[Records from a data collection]
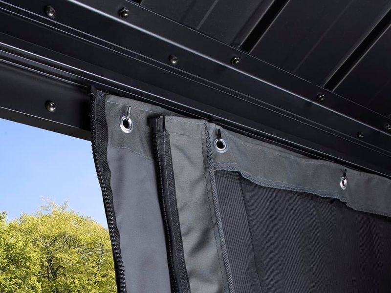 Súčasťou altánku sú nylonové moskytiéry. Je možné dokúpiť polyesterové závesy. Oboje je možné vďaka systému dvojitých koľajníc pripevniť k sebe. Na rozdiel od iných modelov sa nejedná o jedno alebo druhé, ale moskytiéru aj závesy je možné používať súčasne.
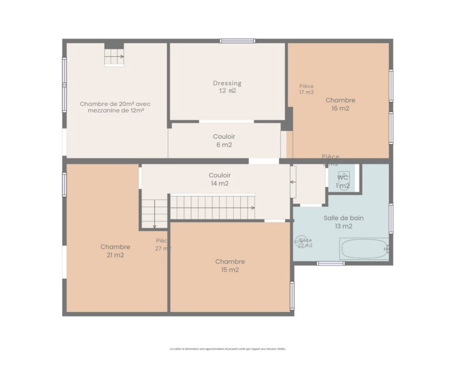 - Une salle de bain de 13 m²,
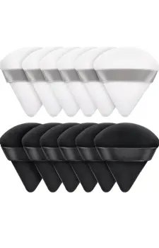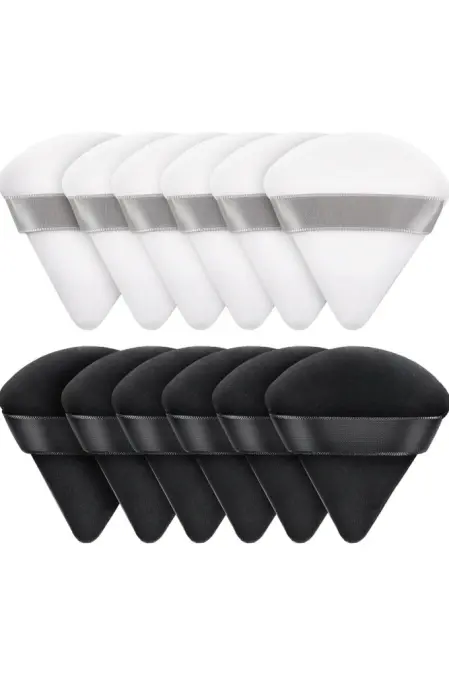 AMMON 12 piezas de polvo de maquillaje, esponja de maquillaje suave triangular, esponja de maquillaje de terciopelo, soplo de algodón puro para polvo mineral suelto, herramientas de contorno corporal
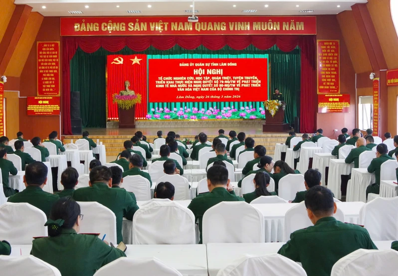 (QK7 Online) - Ngày 26/3, Đảng ủy Quân sự (CHQS) tỉnh Lâm Đồng tổ chức hội nghị tuyên truyền, phổ biến, học tập nội dung các Nghị quyết số 79, 80 của Bộ Chính trị và một số văn bản mới liên quan đến nhiệm vụ quân sự, quốc phòng. Đại tá Nguyễn Văn Sơn, Phó Bí thư thường trực Đảng ủy, Chính ủy Bộ CHQS tỉnh chủ trì hội nghị. Dự hội nghị có Thiếu tướng Đinh Hồng Tiếng, Ủy viên Ban thường vụ Tỉnh ủy, Chỉ huy trưởng Bộ CHQS tỉnh; các đồng chí trong Đảng ủy, Bộ CHQS tỉnh và toàn thể cán bộ, đảng viên.
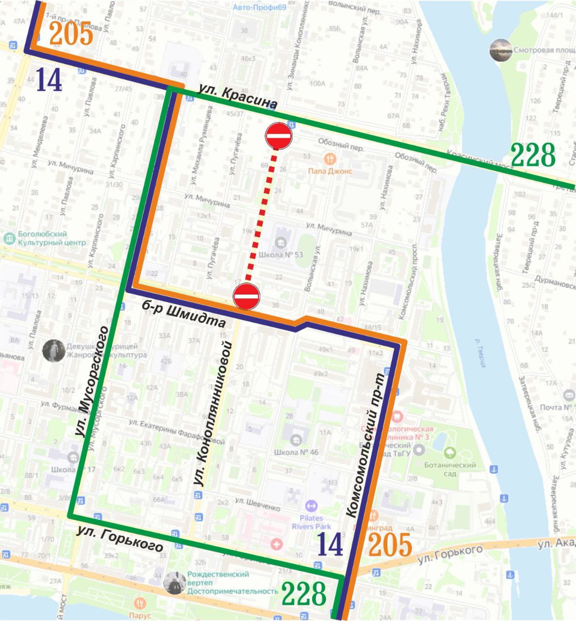 Схема движения автобусных маршрутов №14, №205, №228 в этот период будет изменена.
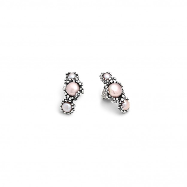 Orecchini in argento brunito con motivo floreale e sei perle rosa d’acqua dolce. Un design raffinato realizzato con lavorazione artigianale.
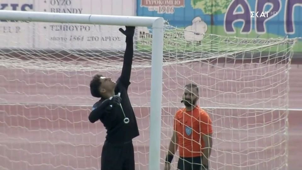 Στην εστία των γηπεδούχων το δίχτυ είχε σκιστεί κι έτσι ο τερματοφύλακας του Παναργειακού, ο Καραργύρης, πήρε ταινία για να το κολλήσει στην εστία, υπό το βλέμμα του βοηθού διαιτητή.
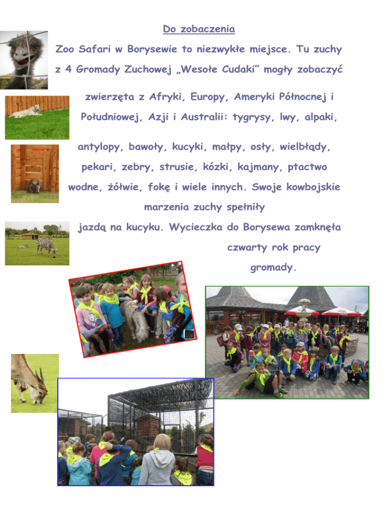 Do zobaczenia Zoo Safari w Borysewie to niezwykłe miejsce. Tu zuchy z 4 Gromady Zuchowej „Wesołe Cudaki” mogły zobaczyć zwierzęta z Afryki, Europy, Ameryki Północnej i Południowej, Azji i Australii: tygrysy, lwy, alpaki, antylopy, bawoły, kucyki, małpy, osły, wielbłądy, pekari, zebry, strusie, kózki, kajmany, ptactwo wodne, żółwie, fokę i wiele innych. Swoje kowbojskie marzenia zuchy spełniły jazdą na kucyku. Wycieczka do Borysewa zamknęła czwarty rok pracy gromady.

### TASK INSTRUCTIONS
Word for word, return the entries above, but without any pictures.

### SOLUTION FOR THIS TASK
 Súčasťou altánku sú nylonové moskytiéry. Je možné dokúpiť polyesterové závesy. Oboje je možné vďaka systému dvojitých koľajníc pripevniť k sebe. Na rozdiel od iných modelov sa nejedná o jedno alebo druhé, ale moskytiéru aj závesy je možné používať súčasne.
 - Une salle de bain de 13 m²,
 AMMON 12 piezas de polvo de maquillaje, esponja de maquillaje suave triangular, esponja de maquillaje de terciopelo, soplo de algodón puro para polvo mineral suelto, herramientas de contorno corporal
 (QK7 Online) - Ngày 26/3, Đảng ủy Quân sự (CHQS) tỉnh Lâm Đồng tổ chức hội nghị tuyên truyền, phổ biến, học tập nội dung các Nghị quyết số 79, 80 của Bộ Chính trị và một số văn bản mới liên quan đến nhiệm vụ quân sự, quốc phòng. Đại tá Nguyễn Văn Sơn, Phó Bí thư thường trực Đảng ủy, Chính ủy Bộ CHQS tỉnh chủ trì hội nghị. Dự hội nghị có Thiếu tướng Đinh Hồng Tiếng, Ủy viên Ban thường vụ Tỉnh ủy, Chỉ huy trưởng Bộ CHQS tỉnh; các đồng chí trong Đảng ủy, Bộ CHQS tỉnh và toàn thể cán bộ, đảng viên.
 Схема движения автобусных маршрутов №14, №205, №228 в этот период будет изменена.
 Orecchini in argento brunito con motivo floreale e sei perle rosa d’acqua dolce. Un design raffinato realizzato con lavorazione artigianale.
 Στην εστία των γηπεδούχων το δίχτυ είχε σκιστεί κι έτσι ο τερματοφύλακας του Παναργειακού, ο Καραργύρης, πήρε ταινία για να το κολλήσει στην εστία, υπό το βλέμμα του βοηθού διαιτητή.
 Do zobaczenia Zoo Safari w Borysewie to niezwykłe miejsce. Tu zuchy z 4 Gromady Zuchowej „Wesołe Cudaki” mogły zobaczyć zwierzęta z Afryki, Europy, Ameryki Północnej i Południowej, Azji i Australii: tygrysy, lwy, alpaki, antylopy, bawoły, kucyki, małpy, osły, wielbłądy, pekari, zebry, strusie, kózki, kajmany, ptactwo wodne, żółwie, fokę i wiele innych. Swoje kowbojskie marzenia zuchy spełniły jazdą na kucyku. Wycieczka do Borysewa zamknęła czwarty rok pracy gromady.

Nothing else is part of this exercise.